I am asking for a genuine advice. Not some judgemental smart ass crap. Like I have said, I am NOT looking for someone rich. Just someone with steady income to make ends meet. I have been very encouraging of him and supportive when customers are being slow that I always try to cheer him up in my own little way. Yes, that includes buying him gifts, clothes and even groceries/foods for him and his kids! I also pay most of the times when we have a date or eat out cuz I was very understanding of his current situation so please spare me your judgement.
_Posted via Mobile Device_


----------



## stillcoping (Oct 14, 2012)

Thanks Enigma. Yes he is a hardworker and thats one of the reasons why I am being patient of his situation, hoping and praying this is just temporary. Plus the fact that I may not be able to find someone wonderful again if I break it off and date around.
_Posted via Mobile Device_


----------



## terrence4159 (Feb 3, 2013)

its not smart ass crap...he does deserve better than you!!! really wow i should kick my wife to the curb because i make 75% more money than her and when she lost her job a few years ago i had to pay for everything. seriously leave him it would be the best thing you could do for him and his kids.

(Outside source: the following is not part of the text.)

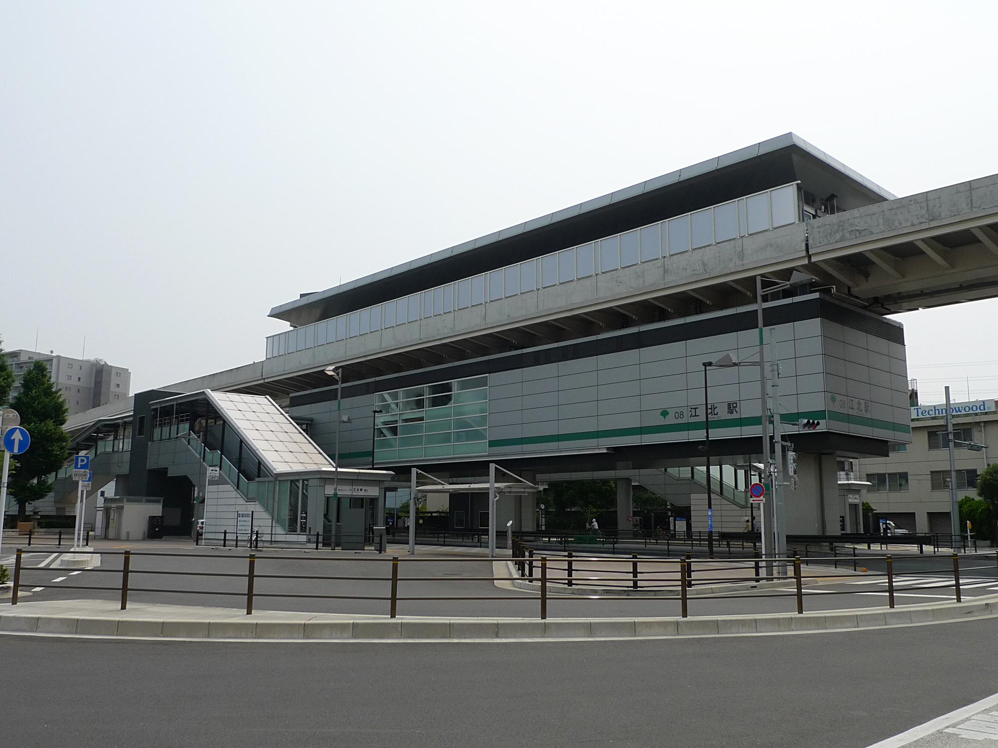 Kohoku station,Nippori-Toneri Liner.

think about it say you started dating a guy and then you hit hard times and he then said ohhh sorry you dont make enough money for me bye bye.....again wow.

but it is your life i wont comment here again.


----------



## Steve1000 (Nov 25, 2013)

I would continue if everything else is fine, but wouldn't move in with someone with serious debt issues until I see that there is a long-term effort to decrease debt and manage spending habits.


----------



## kristin2349 (Sep 12, 2013)

You have a right to have standards and expectations concerning the person you are in a relationship with. If financial security is important to you, it just is. It is better to recognize it now than to move in with or marry him blindly hoping it will get better.

It seems as if the choices he has made and some setbacks have landed him in a spot that it will likely take a lot of time to recover from. Just the fact that he is close to applying for welfare shows things are quite dire. Being honest with yourself and him that it is an issue for you is the best way to deal with it. It might hurt his feelings but, honesty is the best policy.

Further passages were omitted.